This autumn we will be organizing a seminar series, where invited researchers and artists will present their work and working methods. The seminar series will circulate around different themes such as ethics and research with artists; arts-based methods and collaborative research methods; researching art, artists, and conflict/war/post conflict; collaborative methods—researchers’ and artists’ perspectives; arts as transformation—in the context of violent conflict and war; and engaged scholarship. The seminars will happen online and take place monthly on Wednesdays, 12-13 CET. Visit the INSPIRE research platform for more information!
Call for Papers: Peace Review: A Journal of Social Justice Special Issue on “Climate Change, Conflict and Peace” Manuscript Deadline: October 15, 2021 “Under the guest editorship of Dr. Volker Boege, Senior Research Fellow at the Toda Peace Institute, and Dr. Ria Shibata, Research Fellow at the National Centre for Peace and Conflict Studies, University of Otago, Peace Review: A Journal of Social Justice invites articles for a special issue on Climate Change, Conflict and Peace. Climate change is one of the critical global challenges of our times with grave social, economic, political, cultural and environmental implications. We welcome submissions for a special issue that explores the multidimensional and far-reaching challenges of climate change that include political, technical, material, emotional, psychological, cultural and spiritual issues that can generate ripe conditions for conflict. This issue seeks to address the linkages between the effects of climate change, conflict, security and peace. Both case-based empirical-analytical and theoretical-conceptual contributions are welcome. While we imagine the bulk of submissions will come from academics, we also encourage civil society actors and policy makers to contribute their insights based on their experiences.”

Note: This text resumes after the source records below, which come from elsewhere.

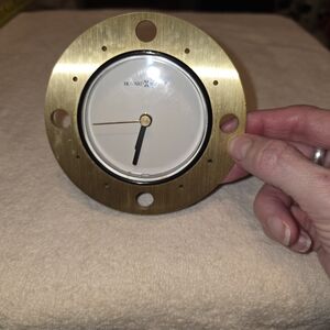 Enhance your home decor with this Clock. Its sleek design and classic gold finish add a touch of sophistication to any room.Howard Miller clock. Is used condition. works great. Takes 1 AAA battery. No apps, message here only. Ask is, all sales final.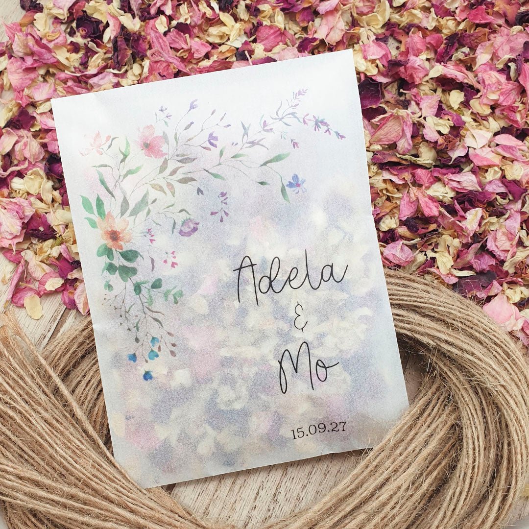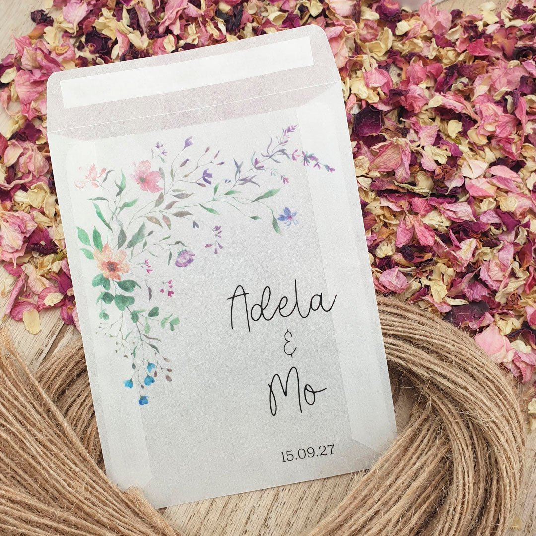 Personalise your confetti packets with your names & wedding date then fill with your chosen confetti to beautifully complement the colour and theme of your Wedding Day!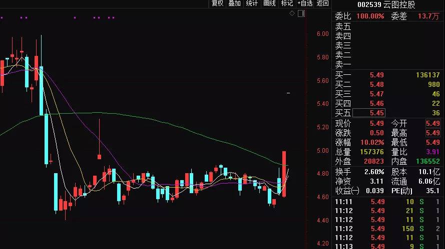云图控股旗下牛牛寨北矿区磷矿储量大,目前黄磷产能6万吨/年。在昨日涨停的背景下,今日开盘也一字涨停。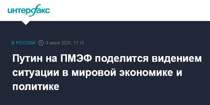 Путин на ПМЭФ поделится видением ситуации в мировой экономике и политике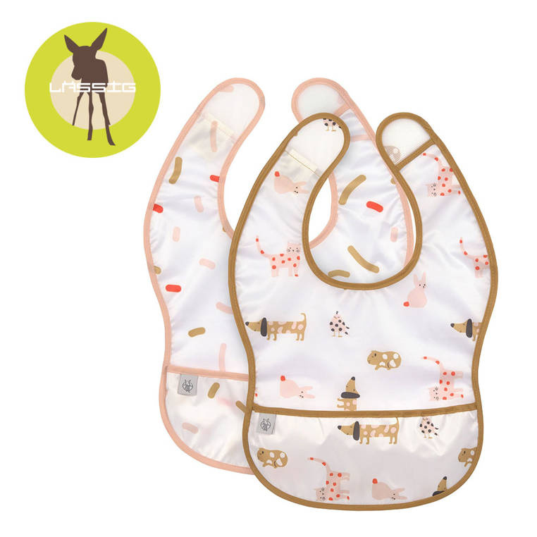 • Zestaw dwóch praktycznych, łatwo zmywalnych śliniaków niemieckiej marki LASSIG.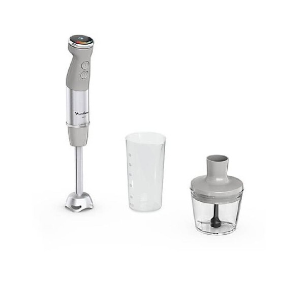Un electrodoméstico moderno que pone a tu disposición sus prestaciones para mejorar tu experiencia de batido: un asa ergonómica Soft Grip, un robusto cuerpo metálico y un protector antisalpicaduras.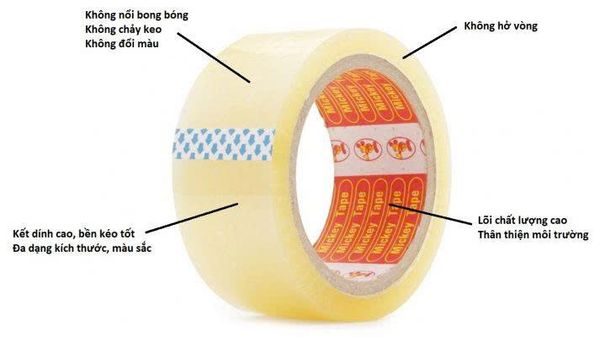 Băng dính trong có cấu tạo màng film BOPP trong suốt kết hợp cùng lớp keo không màu. Loại Băng dính này giúp dễ dàng quan sát bề mặt được dán kể cả sau khi đã dán.

Call for Papers: Research in Drama Education: The Journal of Applied Theatre and Performance Special Issue on “Oral History, Listening and Transitional Justice” Abstract Deadline: October 31, 2021 “Theatre and performance practitioners working with narratives by people impacted by political violence in transitional justice scenarios are faced with a fundamental challenge: how to ethically and aesthetically mediate a social process in which a group of people share their painful experiences and others (a public) listen to them in the context of a performance or a workshop? Listening, in the context of such a creative process, comes centre stage. Listening is a crucial driver of transitional processes, both actual and artistic (Sotelo Castro, 2019 and 2020, Borneman 2002, Aranguren 2017, Jelin 2007). Increasingly, creative teams are using oral history and other interviewing techniques to collaborate with participants and record their narratives as part of a research and creation process. Curated fragments of the recorded stories may later be delivered verbatim by performers or, at times, by the interviewees themselves. Other approaches to performing oral histories include Theatre of the Oppressed and Playback Theatre. Oral history, thus, “does not solely belong to historians or to a particular paradigm” (Field, 2008). We embrace here an interdisciplinary understanding of oral history that positions creative and production teams, performers and audiences alike as listeners and witnesses of performances in which narratives told in the context of an interview are told again (Pollock, 1990) for an audience. At stake in such work are unresolved, often very complex social questions put forward by living people around justice and injustice, abuse of power, human rights violations, truth, needs of redress and healing, shattered trust, but also hope, community and peace-building.” See the full invitation for research papers and other contributions, including digital documentation and audio or photo essays, that address a number of relevant questions, practices and concerns.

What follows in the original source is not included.